AVAILABLE RECORDS =>
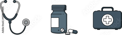 Fototapeta premium Minimalist Medical Icons: Stethoscope, Pills, First Aid Kit
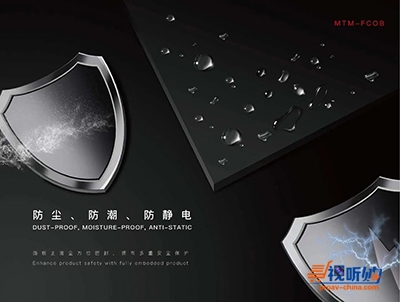 MTM-FCOB产品采用面板正面全方位密封,拥有多重安全保护,并利用环氧树脂封装灯体表面,正面防护等级更高。
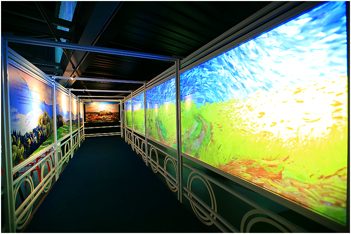 체험전시로, 세계명화를 미디어아트로 만나볼 수 있어요. 바닥면은 바닥면대로 화려한 그림들이 움직이고, 벽면과 천정에서도
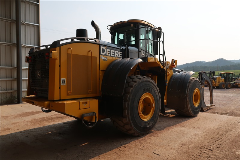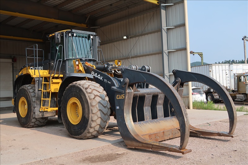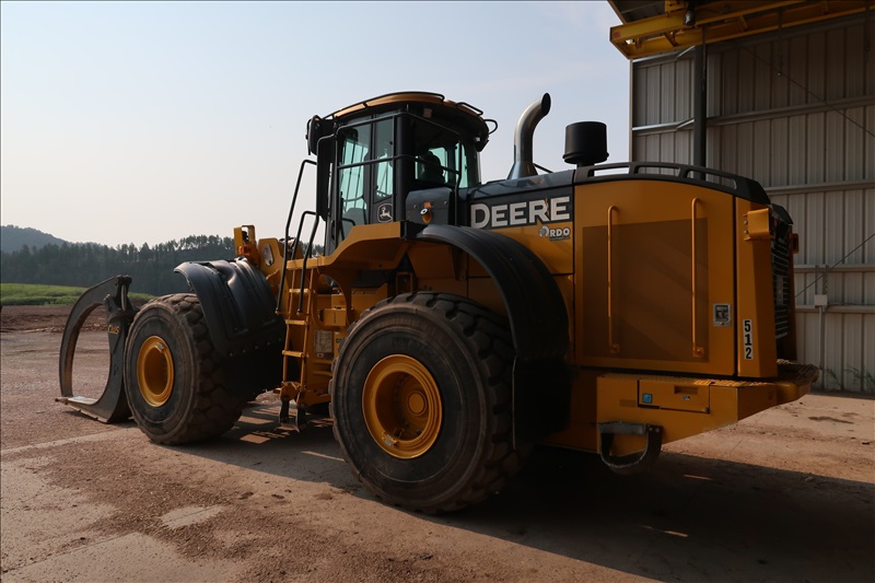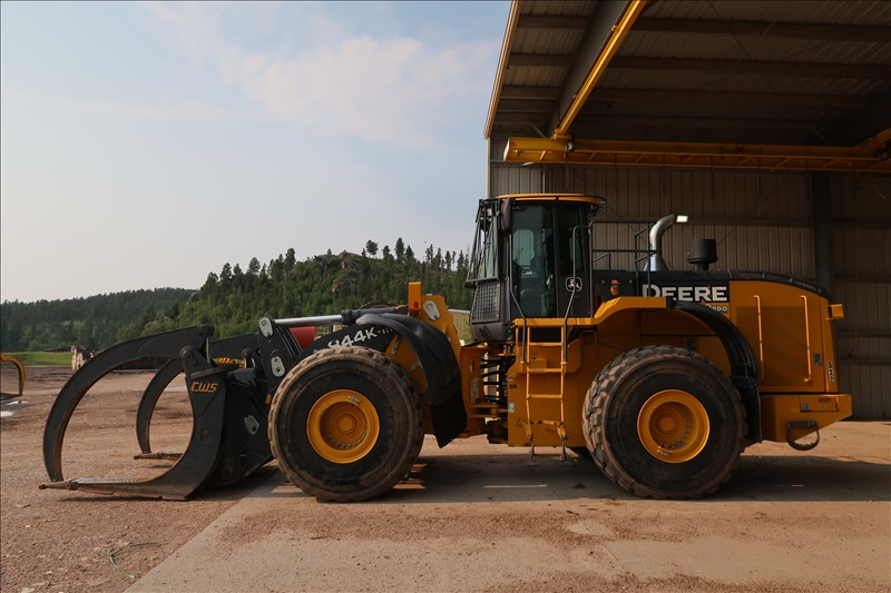RUBBER TIRE LOG LOADER W/CWS LOG FORKS, JOHN DEERE DIESEL ENGINE, CAB GUARDS, 29.5-25 TIRES
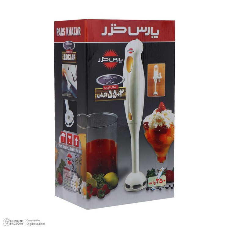 گوشتکوب برقی «پارس خزر» مدل «HB-5503AP» از محصولات پرکاربرد این شرکت است. این دستگاه میتواند بهعنوان گوشتکوب و مخلوطکن مورداستفاده قرار گیرد. بدنه و ظروف این دستگاه از جنس پلاستیک یا پلیمر هستند و درنهایت وزن دستگاه بسیار پایین میآید تا کارکردن با آن سادهتر شود. دستهی اصلی که درواقع موتور دستگاه است، با یک دکمه روشن و خاموش میشود. از طرف دیگر به ظروف و تیغهها متصل میشود تا کارایی خود را نشان دهد. اتصال به این تیغهها بسیار ساده است و تمیزکردن قطعات بهراحتی انجام میشود. پارس خزر یک شرکت بزرگ ایرانی بوده که از سال 1347 با همکاری شرکت توشیبای ژاپن آغاز به کار کرده است. این شرکت در زمینههای ساخت لوازمخانگی، فعالیتهای گستردهای را در کشور انجام میدهد.
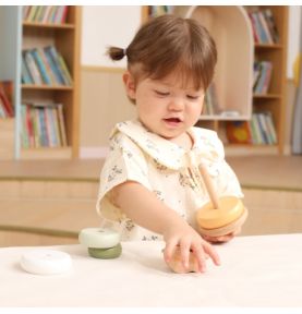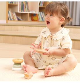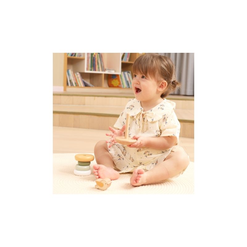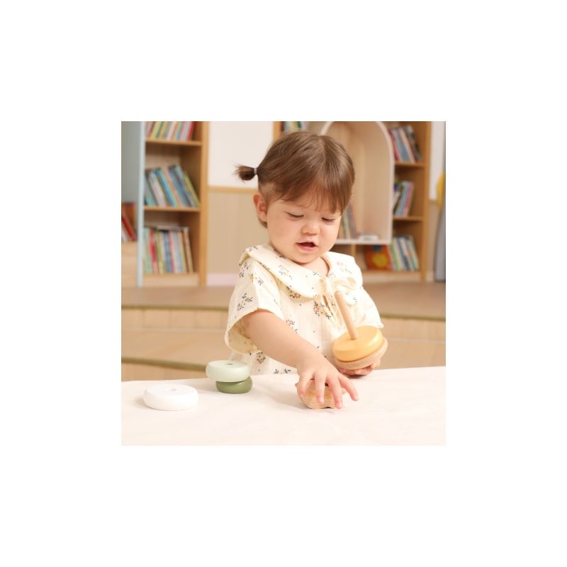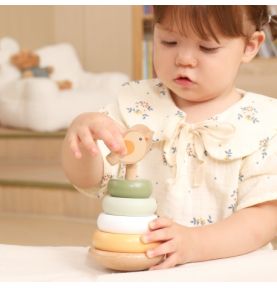 Drewniana piramidka edukacyjna rozwija motorykę, koordynację wzrokowo-ruchową oraz logiczne myślenie, ucząc dzieci zabawy kolorami i kształtami.
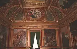 On his return to Dubrovnik in 1893, there seemed no possibility for further artistic progress. Dr Franjo Rački (a founder member of the Croatian Academy of Sciences and Arts) and Dr Iso Kršnjav (head of the Department of Culture (Croatian: odjela za kulturu)) invited him to Zagreb to join the group of artists around Vlaho Bukovac, a Dubrovnik artist who had recently left Paris and settled in Zagreb. So in 1895 Medović left the Franciscan order and set up a studio in Zagreb. During his stay there (1895–1907) he painted many religious works in northern Croatian churches (Križevci, Požega, Nova Gradiška) and historical compositions based on Croatian history,[1] most notably those in the Golden Hall (Croatian: Zlatne dvorane) of the Institute of History in Zagreb. Medović also painted a series of portraits of Zagreb people using fragmented lines, soft contours and vibrant colours.[2]
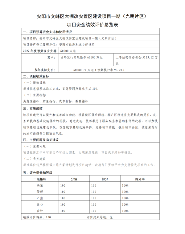安陽市文峰區(qū)大棚改安置區(qū)建設(shè)項(xiàng)目一期(光明片區(qū))項(xiàng)目資金績(jī)效評(píng)價(jià)報(bào)告
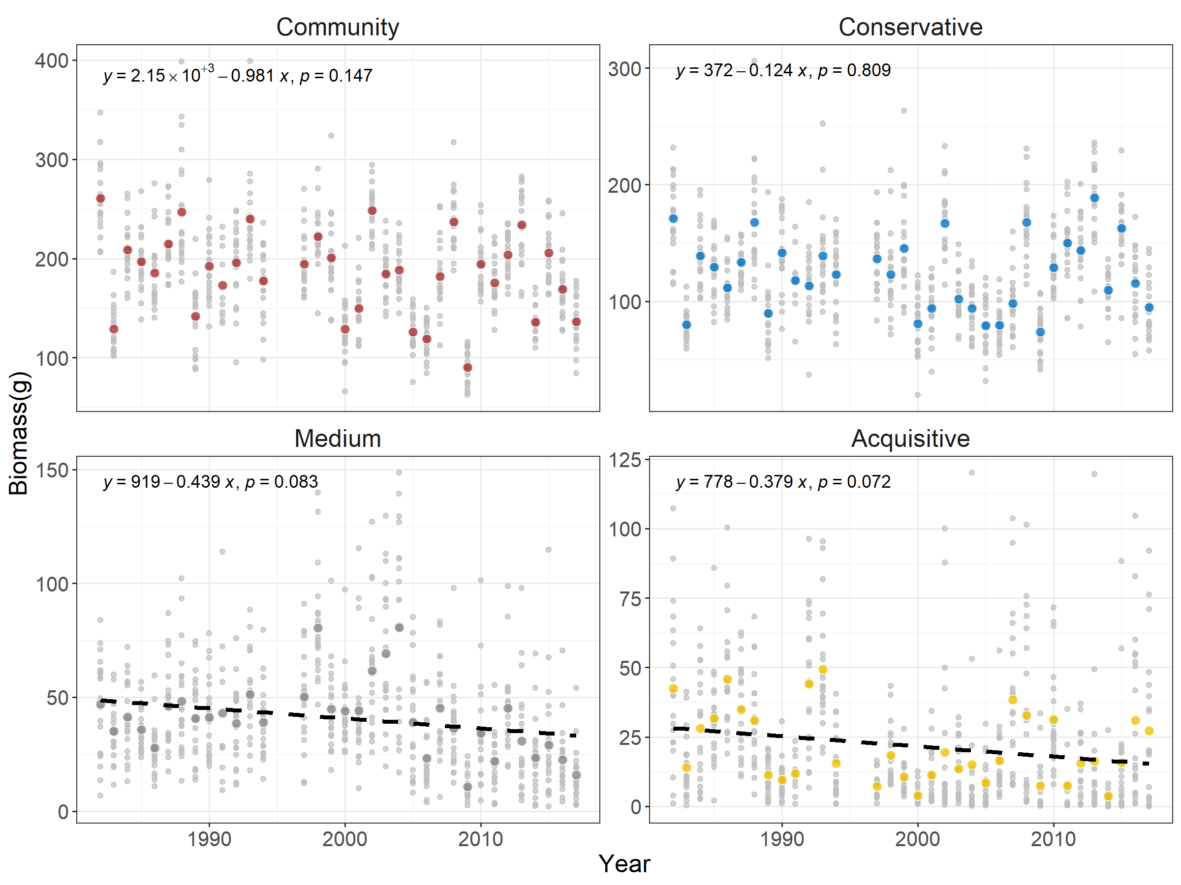 图2内蒙古温带草原群落生产力的变化趋势。生产力以群落内当年的生物量估计。4个图分别反映了群落整体、资源保守型、中间型和资源获取型物种的生产力变化趋势
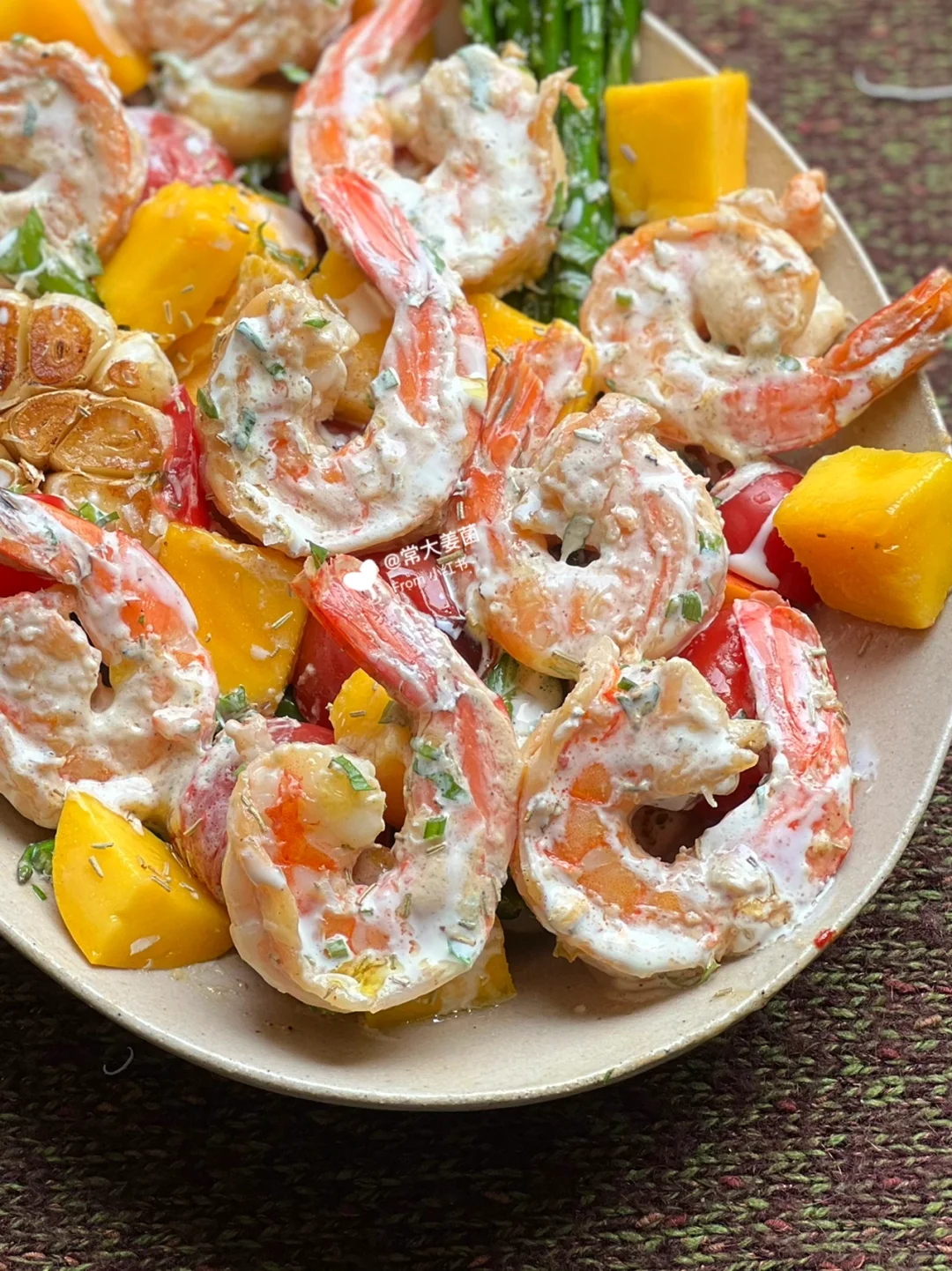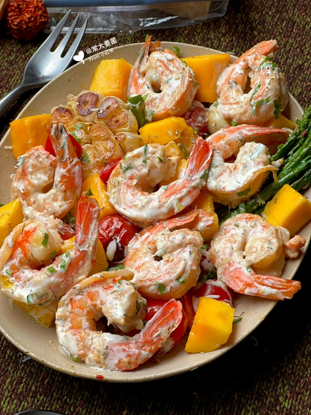 西班牙奶油蒜香大虾&芒果🧄🥭🍤🇪🇸好吃哇!
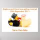 Deux canards en caoutchouc jaunes mignons déguisés en mariée et marié. Deux canards s'embrassant Carte de sauvegarde de date personnalisable avec votre propre message, noms, sauvegarde de date ou ajoutez votre propre image.

ACTIVITY =>
Please repeat all of the data exactly, excluding images.

RESPONSE BELOW =>
 Fototapeta premium Minimalist Medical Icons: Stethoscope, Pills, First Aid Kit
 MTM-FCOB产品采用面板正面全方位密封,拥有多重安全保护,并利用环氧树脂封装灯体表面,正面防护等级更高。
 체험전시로, 세계명화를 미디어아트로 만나볼 수 있어요. 바닥면은 바닥면대로 화려한 그림들이 움직이고, 벽면과 천정에서도
RUBBER TIRE LOG LOADER W/CWS LOG FORKS, JOHN DEERE DIESEL ENGINE, CAB GUARDS, 29.5-25 TIRES
 گوشتکوب برقی «پارس خزر» مدل «HB-5503AP» از محصولات پرکاربرد این شرکت است. این دستگاه میتواند بهعنوان گوشتکوب و مخلوطکن مورداستفاده قرار گیرد. بدنه و ظروف این دستگاه از جنس پلاستیک یا پلیمر هستند و درنهایت وزن دستگاه بسیار پایین میآید تا کارکردن با آن سادهتر شود. دستهی اصلی که درواقع موتور دستگاه است، با یک دکمه روشن و خاموش میشود. از طرف دیگر به ظروف و تیغهها متصل میشود تا کارایی خود را نشان دهد. اتصال به این تیغهها بسیار ساده است و تمیزکردن قطعات بهراحتی انجام میشود. پارس خزر یک شرکت بزرگ ایرانی بوده که از سال 1347 با همکاری شرکت توشیبای ژاپن آغاز به کار کرده است. این شرکت در زمینههای ساخت لوازمخانگی، فعالیتهای گستردهای را در کشور انجام میدهد.
 Drewniana piramidka edukacyjna rozwija motorykę, koordynację wzrokowo-ruchową oraz logiczne myślenie, ucząc dzieci zabawy kolorami i kształtami.
 On his return to Dubrovnik in 1893, there seemed no possibility for further artistic progress. Dr Franjo Rački (a founder member of the Croatian Academy of Sciences and Arts) and Dr Iso Kršnjav (head of the Department of Culture (Croatian: odjela za kulturu)) invited him to Zagreb to join the group of artists around Vlaho Bukovac, a Dubrovnik artist who had recently left Paris and settled in Zagreb. So in 1895 Medović left the Franciscan order and set up a studio in Zagreb. During his stay there (1895–1907) he painted many religious works in northern Croatian churches (Križevci, Požega, Nova Gradiška) and historical compositions based on Croatian history,[1] most notably those in the Golden Hall (Croatian: Zlatne dvorane) of the Institute of History in Zagreb. Medović also painted a series of portraits of Zagreb people using fragmented lines, soft contours and vibrant colours.[2]
安陽市文峰區(qū)大棚改安置區(qū)建設(shè)項(xiàng)目一期(光明片區(qū))項(xiàng)目資金績(jī)效評(píng)價(jià)報(bào)告
 图2内蒙古温带草原群落生产力的变化趋势。生产力以群落内当年的生物量估计。4个图分别反映了群落整体、资源保守型、中间型和资源获取型物种的生产力变化趋势
 西班牙奶油蒜香大虾&芒果🧄🥭🍤🇪🇸好吃哇!
 Deux canards en caoutchouc jaunes mignons déguisés en mariée et marié. Deux canards s'embrassant Carte de sauvegarde de date personnalisable avec votre propre message, noms, sauvegarde de date ou ajoutez votre propre image.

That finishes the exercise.